### DATA
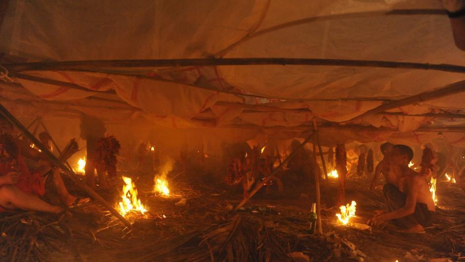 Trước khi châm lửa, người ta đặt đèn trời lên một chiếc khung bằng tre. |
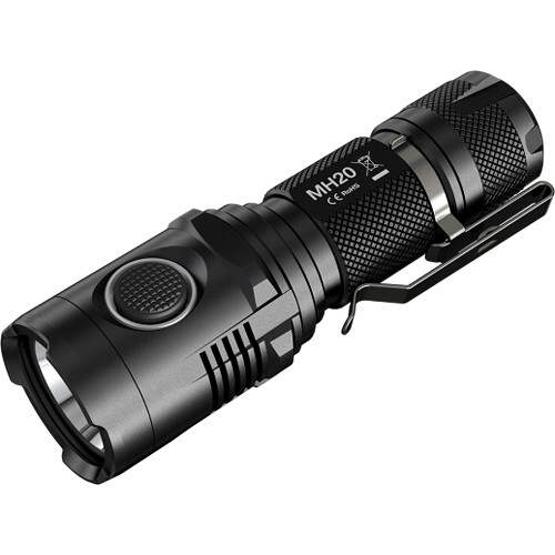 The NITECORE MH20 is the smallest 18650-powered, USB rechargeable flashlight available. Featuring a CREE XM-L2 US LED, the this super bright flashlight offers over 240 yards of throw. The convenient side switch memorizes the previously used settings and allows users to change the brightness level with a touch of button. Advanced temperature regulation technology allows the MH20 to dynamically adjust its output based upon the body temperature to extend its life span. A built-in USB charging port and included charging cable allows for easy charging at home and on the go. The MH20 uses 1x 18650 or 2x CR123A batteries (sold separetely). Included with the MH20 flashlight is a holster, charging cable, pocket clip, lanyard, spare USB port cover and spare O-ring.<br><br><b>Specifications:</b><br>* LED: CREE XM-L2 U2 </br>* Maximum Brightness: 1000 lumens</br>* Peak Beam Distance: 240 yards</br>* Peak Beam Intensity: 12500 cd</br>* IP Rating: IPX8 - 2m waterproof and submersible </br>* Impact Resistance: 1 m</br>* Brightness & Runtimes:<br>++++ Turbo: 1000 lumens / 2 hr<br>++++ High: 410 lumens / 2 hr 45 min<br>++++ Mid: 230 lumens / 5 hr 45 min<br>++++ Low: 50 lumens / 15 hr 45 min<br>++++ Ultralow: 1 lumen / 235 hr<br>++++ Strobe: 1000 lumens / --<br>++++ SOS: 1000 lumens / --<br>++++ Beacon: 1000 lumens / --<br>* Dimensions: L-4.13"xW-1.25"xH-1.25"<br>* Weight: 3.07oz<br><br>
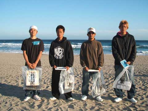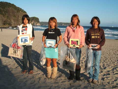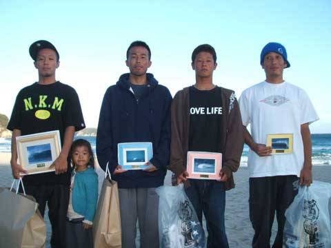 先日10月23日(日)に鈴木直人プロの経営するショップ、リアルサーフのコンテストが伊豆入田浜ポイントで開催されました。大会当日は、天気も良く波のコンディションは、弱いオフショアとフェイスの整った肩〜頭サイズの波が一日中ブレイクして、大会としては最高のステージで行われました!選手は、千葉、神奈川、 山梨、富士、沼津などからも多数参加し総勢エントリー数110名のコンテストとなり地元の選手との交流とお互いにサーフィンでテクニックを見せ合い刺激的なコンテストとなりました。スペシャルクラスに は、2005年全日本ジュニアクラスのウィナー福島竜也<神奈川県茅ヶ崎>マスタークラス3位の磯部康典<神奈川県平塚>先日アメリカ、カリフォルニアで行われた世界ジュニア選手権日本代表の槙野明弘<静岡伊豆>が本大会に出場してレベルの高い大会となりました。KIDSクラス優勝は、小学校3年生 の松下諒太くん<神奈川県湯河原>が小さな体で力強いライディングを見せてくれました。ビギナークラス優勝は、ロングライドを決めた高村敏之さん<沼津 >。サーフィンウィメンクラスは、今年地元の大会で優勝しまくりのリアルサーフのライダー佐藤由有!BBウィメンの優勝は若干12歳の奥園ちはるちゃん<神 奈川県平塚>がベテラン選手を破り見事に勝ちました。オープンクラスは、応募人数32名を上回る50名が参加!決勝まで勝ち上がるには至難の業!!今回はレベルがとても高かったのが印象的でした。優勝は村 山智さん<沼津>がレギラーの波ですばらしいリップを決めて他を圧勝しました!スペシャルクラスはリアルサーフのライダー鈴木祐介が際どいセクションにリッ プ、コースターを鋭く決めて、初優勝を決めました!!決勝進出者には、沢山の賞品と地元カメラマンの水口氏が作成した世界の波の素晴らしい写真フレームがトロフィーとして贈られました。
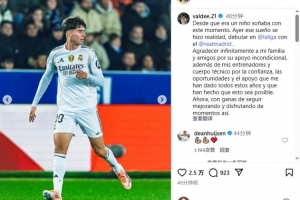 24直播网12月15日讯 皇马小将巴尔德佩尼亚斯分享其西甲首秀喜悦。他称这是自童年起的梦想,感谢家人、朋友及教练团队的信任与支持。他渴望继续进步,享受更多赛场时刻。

### INSTRUCTIONS FOR THE TASK
Please write out the entire listing above exactly, but leave the pictures out.

### EXERCISE ANSWER
 Trước khi châm lửa, người ta đặt đèn trời lên một chiếc khung bằng tre. |
 The NITECORE MH20 is the smallest 18650-powered, USB rechargeable flashlight available. Featuring a CREE XM-L2 US LED, the this super bright flashlight offers over 240 yards of throw. The convenient side switch memorizes the previously used settings and allows users to change the brightness level with a touch of button. Advanced temperature regulation technology allows the MH20 to dynamically adjust its output based upon the body temperature to extend its life span. A built-in USB charging port and included charging cable allows for easy charging at home and on the go. The MH20 uses 1x 18650 or 2x CR123A batteries (sold separetely). Included with the MH20 flashlight is a holster, charging cable, pocket clip, lanyard, spare USB port cover and spare O-ring.<br><br><b>Specifications:</b><br>* LED: CREE XM-L2 U2 </br>* Maximum Brightness: 1000 lumens</br>* Peak Beam Distance: 240 yards</br>* Peak Beam Intensity: 12500 cd</br>* IP Rating: IPX8 - 2m waterproof and submersible </br>* Impact Resistance: 1 m</br>* Brightness & Runtimes:<br>++++ Turbo: 1000 lumens / 2 hr<br>++++ High: 410 lumens / 2 hr 45 min<br>++++ Mid: 230 lumens / 5 hr 45 min<br>++++ Low: 50 lumens / 15 hr 45 min<br>++++ Ultralow: 1 lumen / 235 hr<br>++++ Strobe: 1000 lumens / --<br>++++ SOS: 1000 lumens / --<br>++++ Beacon: 1000 lumens / --<br>* Dimensions: L-4.13"xW-1.25"xH-1.25"<br>* Weight: 3.07oz<br><br>
 先日10月23日(日)に鈴木直人プロの経営するショップ、リアルサーフのコンテストが伊豆入田浜ポイントで開催されました。大会当日は、天気も良く波のコンディションは、弱いオフショアとフェイスの整った肩〜頭サイズの波が一日中ブレイクして、大会としては最高のステージで行われました!選手は、千葉、神奈川、 山梨、富士、沼津などからも多数参加し総勢エントリー数110名のコンテストとなり地元の選手との交流とお互いにサーフィンでテクニックを見せ合い刺激的なコンテストとなりました。スペシャルクラスに は、2005年全日本ジュニアクラスのウィナー福島竜也<神奈川県茅ヶ崎>マスタークラス3位の磯部康典<神奈川県平塚>先日アメリカ、カリフォルニアで行われた世界ジュニア選手権日本代表の槙野明弘<静岡伊豆>が本大会に出場してレベルの高い大会となりました。KIDSクラス優勝は、小学校3年生 の松下諒太くん<神奈川県湯河原>が小さな体で力強いライディングを見せてくれました。ビギナークラス優勝は、ロングライドを決めた高村敏之さん<沼津 >。サーフィンウィメンクラスは、今年地元の大会で優勝しまくりのリアルサーフのライダー佐藤由有!BBウィメンの優勝は若干12歳の奥園ちはるちゃん<神 奈川県平塚>がベテラン選手を破り見事に勝ちました。オープンクラスは、応募人数32名を上回る50名が参加!決勝まで勝ち上がるには至難の業!!今回はレベルがとても高かったのが印象的でした。優勝は村 山智さん<沼津>がレギラーの波ですばらしいリップを決めて他を圧勝しました!スペシャルクラスはリアルサーフのライダー鈴木祐介が際どいセクションにリッ プ、コースターを鋭く決めて、初優勝を決めました!!決勝進出者には、沢山の賞品と地元カメラマンの水口氏が作成した世界の波の素晴らしい写真フレームがトロフィーとして贈られました。
 24直播网12月15日讯 皇马小将巴尔德佩尼亚斯分享其西甲首秀喜悦。他称这是自童年起的梦想,感谢家人、朋友及教练团队的信任与支持。他渴望继续进步,享受更多赛场时刻。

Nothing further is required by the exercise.